Interestingly, only 9 out of 10 patients were treated with riluzole, and more distressingly, less than half of the cases had their disability recognized. The average time from diagnosis of ALS to recognition of disability was one year, and the average time to dependency was one and a half years.

Half of the patients received palliative care, three-quarters of them had family support, and more than a third recorded their last wishes. Among these, most of them refused to receive palliative measures but accepted final sedation, while 15% of them on the contrary accepted any measure that could have prolonged their life.
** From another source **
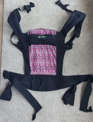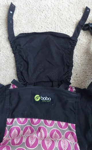Mochila de porteo de la marca Boba, en color negro con un panel frontal estampado en morado y gris. - Panel frontal con estampado de hojas. - Tirantes acolchados. - Cinturón lumbar ajustable. Usado pero bien conservado. Incluye funda para los dias de mas frío.

During the study period, 297 people died (8 out of 10), half of them were men, and the average age at death was 70 years, without significant differences between genders.

The mean number of years between the onset of symptoms and death was 2.6 and the median was 2 years (there were more early deaths than deaths after these two years). 85% of patients survived more than 1 year after diagnosis, 12% more than 5 years, and 1% more than 10 years, which is lower than the 5 to 10% reported by other authors.